Mempunyai kemampuan hanya menyekolahkan anaknya sampai jenjang pendidikan Sekolah Lanjutan Tingkat Pertama.
Itu adalah kriteria orang miskin yang juga masih menimbulkan banyak keraguan karena garis kemiskinan sesungguhnya adalah jauh lebih parah meskipun jumlahnya lebih sedikit dibanding yang lebih baik di atas kondisi kriteria miskin tersebut.
Pengertian kaya antara lain adalah memiliki banyak harta atau sesuatu yang berharga yang dapat dinikmati atau dimanfaatkan oleh dirinya, keluarganya dan orang yang membutuhkan dari padanya.
Berdasarkan pengertian tersebut makna "berharga" yang melekat dalam pengertian "kaya" di atas juga berbeda dalam masyarakat sehingga kategori kaya pun berbeda pandangan masyarakat.
Sama seperti bagaimana sulitnya menjadi kaya begitu juga memberi pengertian kaya juga sulit karena sangat relatif mirip seperti memisahkan mana yang disebut agak kaya, kaya, pura-pura kaya, sok kaya, kaya, kaya raya alias super kaya atau crazy rich.
Terlepas pada persoalan mengapa jadi miskin atau kaya, fokus artikel ini adalah apakah miskin atau kaya perlu dipamerkan?
Orang yang memperlihatkan kondisi miskin atau apa adanya bukan pamer namanya. Istilah yang lebih baik dari itu adalah tampil sederhana. jadi tidak tepat disebut "pamer susah."

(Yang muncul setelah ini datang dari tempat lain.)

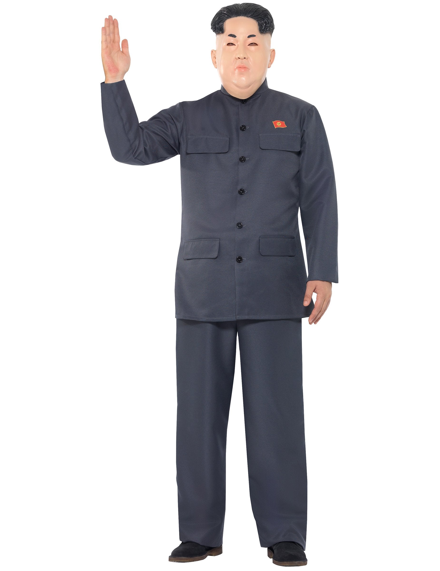 Ta korejski politični kostum je namenjen odraslim. Sestavljen je iz vrha in hlač. Vrh in sive barvne hlače so uradne uniforme Koreje. Siva, jakna z dolgimi rokavi ima štiri lažne žepe. Na ravni trupa ima tudi vtis ponarejene rdeče korejske zastave, pravzaprav je natisnjena z jeznim nasmehom! Hlače so klasične enotne hlače do naravnega reza. Ta preobleka kot diktator iz Severne Koreje, ki jo lahko dokonča maska ​​tega istega diktatorja, ki je na voljo v naši spletni trgovini, bo kot nalašč za odpiranje razprave med večeri na temo politikov ali med karnevalom.

Meski ada yang berusaha tampil sederhana tapi sangat jarang orang memamerkan susah/ miskin, karena berbagai alasan diantaranya tidak enak dikasihani.
Bahkan ketika ada orang berbaik hati memberi informasi tentang kesusahan orang lain melalui gambar atau video masih ada juga beberapa orang sinis, beranggapan minta dikasihani.
Itu sebabnya sebagian orang merasa tak perlu memperlihatkan kesusahan tersebut dengan alasan tidak enak dikasihani. Kesannya minta-mita (meskipun butuh) kecuali ada yang paham atau mengerti memberi bantuan.
Sebaliknya, sebutan pamer sudah melekat pada orang kaya yang memperlihatkan kekayaannya pada orang lain sengaja atau pun tidak.
Ada juga kelompok orang kaya yang merasa tidak merasa enak orang tahu tentang kekayaannya. Bukan kuatir diminta tolong atau bagian atau diperiksa KPK akibat berbeda kenyataan dengan info di LHKPN tetapi karena memang tidak ingin timbul kesan pamer.
Meskipun pamer adalah hak seseorang namun pamer kekayaan bagi sebagian orang kaya lainnya bukanlah hal yang menarik.
Orang kaya seperti ini lebih memilih pada bagaimana kekayaannya dapat bertambah, bermanfaat atau bernilai dan tentu saja dapat memberi manfaat untuk keluarganya atau orang lain yang perlu dibantu.
Dengan demikian ada dua kelompok orang kaya saja yang dipisahkan berdasarkan kriteria suka pamer atau tidak kekayaannya, yaitu :
- Tipe benar-benar kaya
- Tipe sok kaya (pura-pura kaya)
Tipe benar-benar kaya ciri-ciri utamanya adalah sebagai berikut :
- Tidak mau memperlihatkan kekayaannya di medsos atau membahasnya pada orang lain
- Menabung adalah kewajiban, bukan pilihan (jika ada uang sisa belanja bulanan)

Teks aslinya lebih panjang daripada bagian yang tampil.